**Instructions for the task:** From the line containing "みどり工房の朝。今朝も斜里岳には雲がかかって頂上が見えない。" to the line containing "Proudct Name: 6" in the records below, set down every line exactly as it stands, both ends included, and skip the pictures.

**Records for this task:**
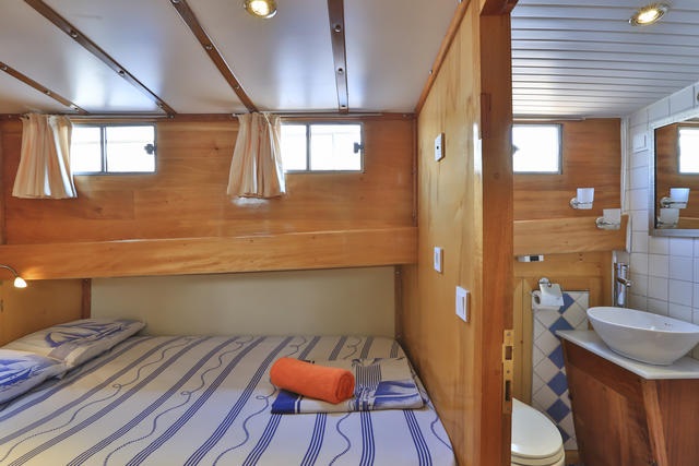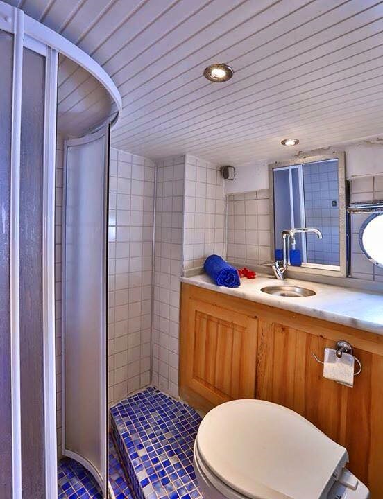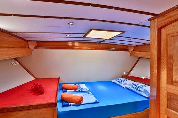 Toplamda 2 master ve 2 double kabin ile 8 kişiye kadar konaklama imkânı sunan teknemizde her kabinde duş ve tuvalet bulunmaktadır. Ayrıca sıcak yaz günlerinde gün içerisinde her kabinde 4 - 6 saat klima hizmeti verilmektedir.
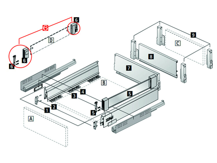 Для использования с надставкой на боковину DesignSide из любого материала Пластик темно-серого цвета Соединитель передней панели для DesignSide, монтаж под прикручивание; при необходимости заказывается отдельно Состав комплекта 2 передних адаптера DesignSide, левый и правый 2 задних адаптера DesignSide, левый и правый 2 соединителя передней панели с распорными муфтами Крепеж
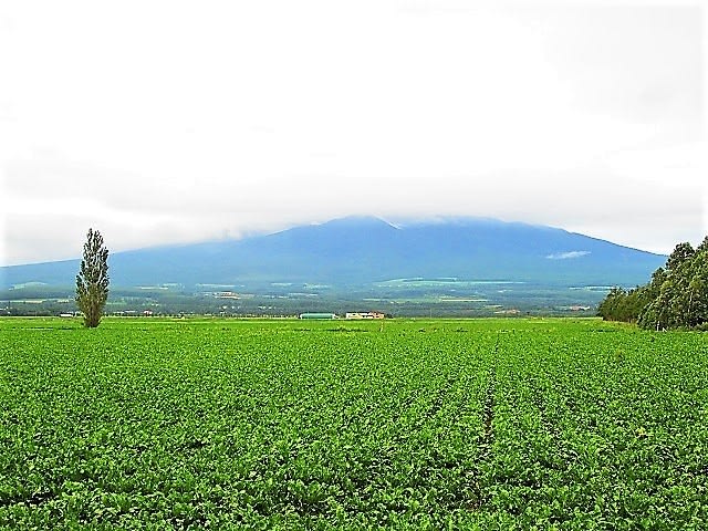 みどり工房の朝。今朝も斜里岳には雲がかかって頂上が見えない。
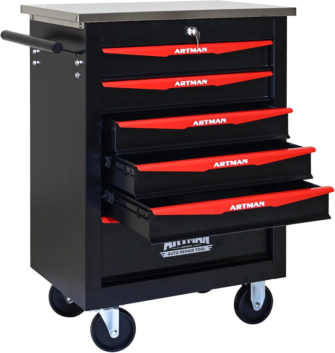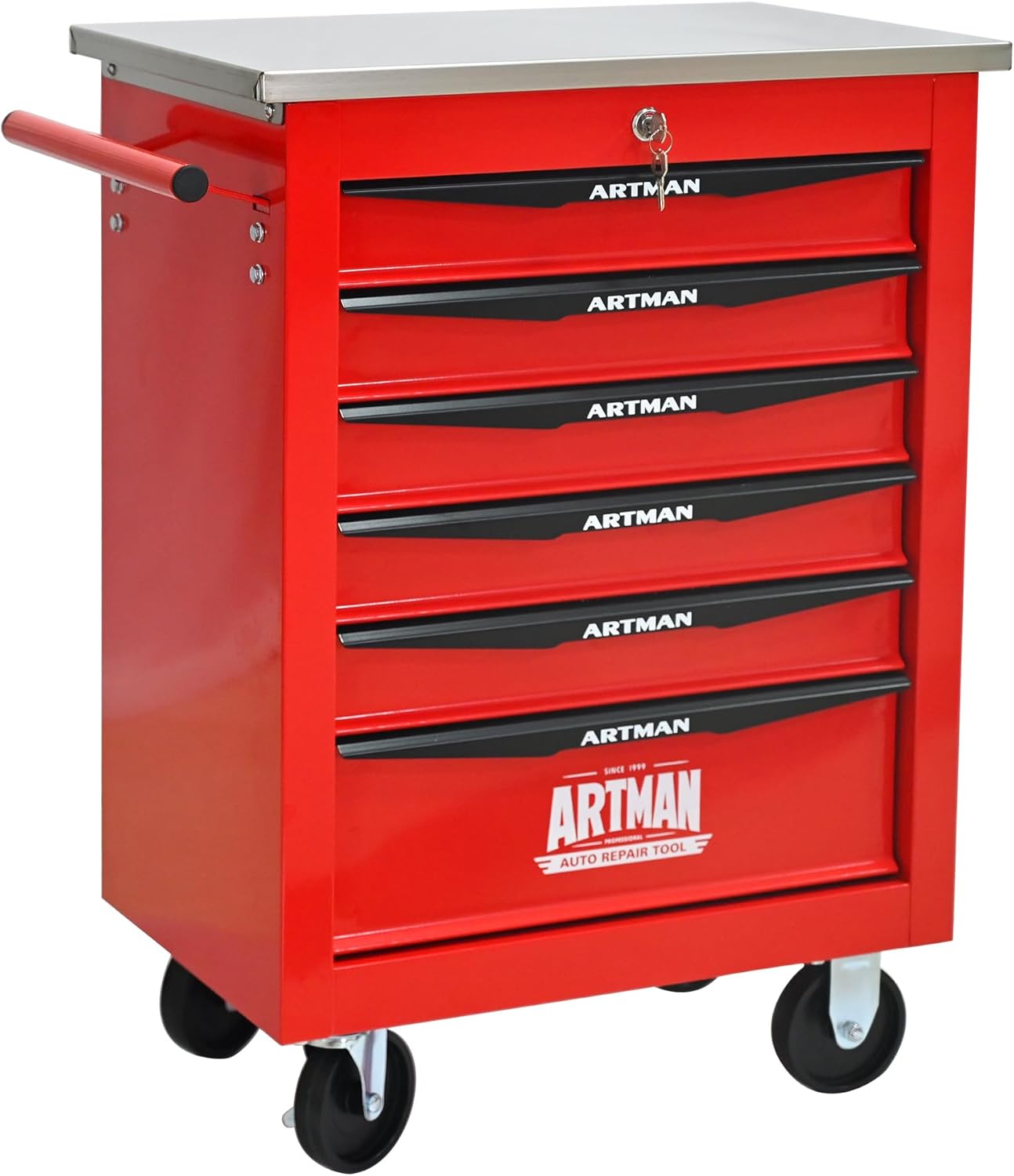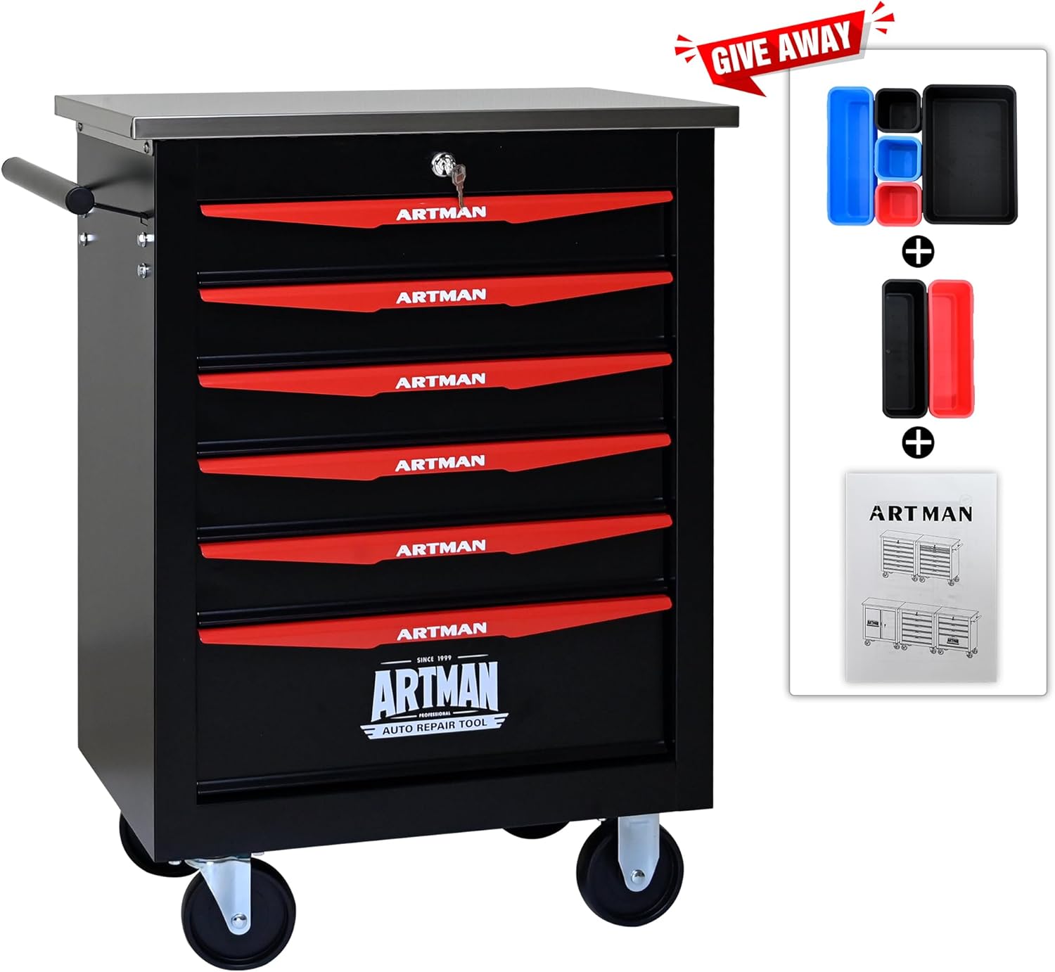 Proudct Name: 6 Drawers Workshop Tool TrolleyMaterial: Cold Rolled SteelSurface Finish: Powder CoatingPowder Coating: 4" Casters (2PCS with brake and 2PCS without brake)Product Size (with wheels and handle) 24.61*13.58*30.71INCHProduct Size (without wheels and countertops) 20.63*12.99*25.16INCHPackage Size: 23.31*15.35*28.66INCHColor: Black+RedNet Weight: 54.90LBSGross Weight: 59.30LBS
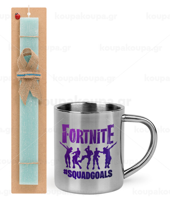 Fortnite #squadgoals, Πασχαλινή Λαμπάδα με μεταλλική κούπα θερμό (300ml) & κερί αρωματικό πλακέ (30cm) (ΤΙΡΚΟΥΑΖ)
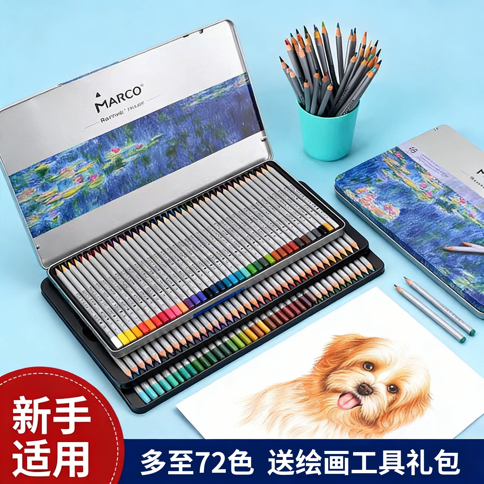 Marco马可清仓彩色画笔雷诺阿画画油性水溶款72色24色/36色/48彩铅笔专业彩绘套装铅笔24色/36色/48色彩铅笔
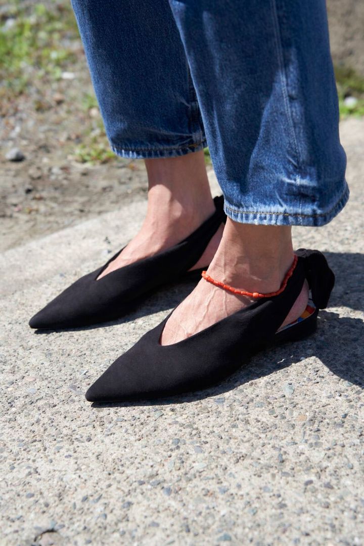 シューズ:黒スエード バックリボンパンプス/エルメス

--

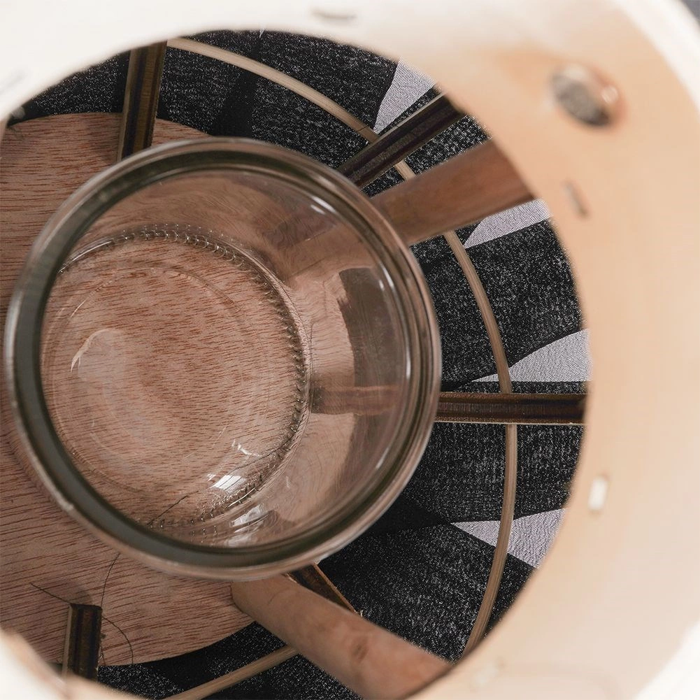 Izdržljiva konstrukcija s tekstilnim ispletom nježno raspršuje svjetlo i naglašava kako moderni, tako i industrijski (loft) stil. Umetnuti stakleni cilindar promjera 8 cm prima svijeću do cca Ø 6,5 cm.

**Problem solution:**
 みどり工房の朝。今朝も斜里岳には雲がかかって頂上が見えない。
 Proudct Name: 6 Drawers Workshop Tool TrolleyMaterial: Cold Rolled SteelSurface Finish: Powder CoatingPowder Coating: 4" Casters (2PCS with brake and 2PCS without brake)Product Size (with wheels and handle) 24.61*13.58*30.71INCHProduct Size (without wheels and countertops) 20.63*12.99*25.16INCHPackage Size: 23.31*15.35*28.66INCHColor: Black+RedNet Weight: 54.90LBSGross Weight: 59.30LBS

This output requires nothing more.